Yeah, that's possible because the dirty threshold is merely 1MB, and
one inode could be cleaned totally (in the meanwhile the dd is throttled)
and then made dirty again.

> This behavior can happen for a long time (I
> think I introduced it by 7624ee72aa09334af072853457a5d46d9901c3f8) and is a
> result of how we do livelock avoidance using older_than_this (or wb_start
> previously).

I'd say that commit itself is towards the right direction.
Unfortunately the writeback logic is a bit more twisted than our vision..

> Just when you don't have long-running work that cannot
> progress, it will be mostly hidden (only might be observable as a small
> inefficiency of background writeback).

Yes.

> > > Apparently XFS is stubborn and refuses to write the inode although we try
> > > rather hard. That is probably because dd writing to this inode is stuck in
> > > balance_dirty_pages() and holds ilock - which is a bit unfortunate behavior
> > > but what can we do...
> >
> > Yeah, and there may well be other known or unknown long lived blocking
> > cases. What we can do in VFS is to be not so picky on these conditions...
>   True.
> 
> > To be frank I still like the requeue_io_wait() approach. It can
> > trivially replace _all_ redity_tail() calls and hence avoid touching
> > inode->dirtied_when -- keeping that time stamp sane is the one thing I
> > would really like to do.
>   As I pointed out above, it's not only about redirty_tail() so I belive we
> should solve this problem regardless whether we use requeue_io_wait() or

Good point. Yeah we need to make the background work accept newly
dirtied indoes. This could make the flusher less concentrated on the
elder pages, but there seems no obvious right solution...

> other busyloop prevention - do you agree with the attached patch? If yes,
> add it to your patch queue for the next merge window please.

OK, I'll think about it.

>   BTW: I think you cannot avoid _all_ redirty_tail() calls - in situation
> where inode was really redirtied you need to really redirty_tail() it. But
> I agree you can remove all redirty_tail() calls which are there because we
> failed to make any progress with the inode.

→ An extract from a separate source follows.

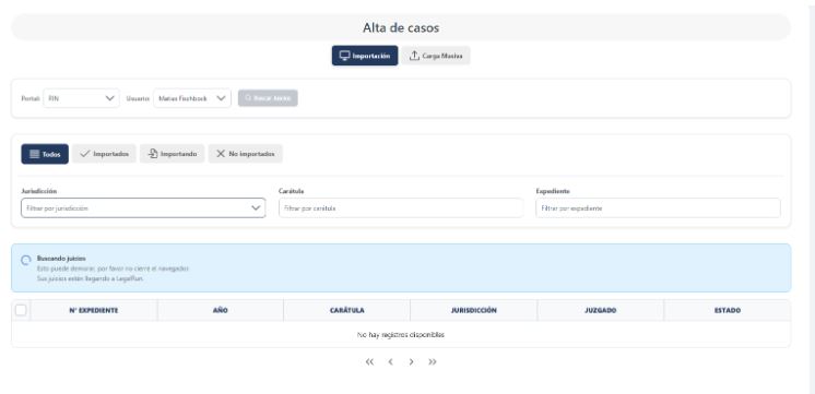 Cuando hagas clic en oficios… comienza la magia! LegalRun comenzará el proceso de búsqueda, y verás como van apareciendo tus causas.

That's right. We only convert redirty_tail(possibly blocked inode) to
requeue_io_wait(). Well, in general. In the case of failed
grab_super_passive(), it's not even the current inode being blocked,
but _something_ get blocked.  But we still have to requeue_io_wait()
it to avoid busy retrying.

In the below case,

               if (inode->i_sb != sb) {
                        if (work->sb) {
                                /*
                                 * We only want to write back data for this
                                 * superblock, move all inodes not belonging
                                 * to it back onto the dirty list.
                                 */
                                redirty_tail(inode, wb);
                                continue;
                        }

It's better off to _not_ enqueue that inode in the first place inside
move_expired_inodes(). Then we can safely convert that redirty_tail()
to requeue_io() to skip the irrelevant inodes already in s_io/s_more_io.

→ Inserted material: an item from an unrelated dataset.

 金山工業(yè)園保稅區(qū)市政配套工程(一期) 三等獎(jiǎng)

> > It also narrows down the perhaps blocked inodes and hence the need to
> > do heuristic wait-and-retry to the minimal.
> >
> > It does introduce one more list, which IMHO is more tolerable than the
> > problems it fixed. And its max delay time can be reduced explicitly
> > if necessary: when there are heavy dirtiers, it will quickly be woken
> > up by balance_dirty_pages(); in other cases we can let the kupdate
> > work check s_more_io_wait before aborting to ensure 5s max delay:
> >
> > @@ -863,7 +863,7 @@ static long wb_check_old_data_flush(stru
> >
> >         expired = wb->last_old_flush +
> >                         msecs_to_jiffies(dirty_writeback_interval * 10);
> > -       if (time_before(jiffies, expired))
> > +       if (time_before(jiffies, expired) && list_empty(&wb->b_more_io_wait))
> >                 return 0;
> >
> >         wb->last_old_flush = jiffies;
>   So after seeing complications with my code I was also reconsidering your
> approach. Having additional list should be OK if we document the logic of
> all the lists in one place in detail.

Actually, if without the "requeue on I_SYNC" case, we can do without
s_more_io_wait and still be able to prevent the unnecessary changes
to dirtied_when. Because if we do requeue_io() for all inodes and
still find !progress on a full iteration of b_io, we are mostly sure
that the inodes remaining inside b_more_io is related to some block
condition and can modify the loop break condition to consider that.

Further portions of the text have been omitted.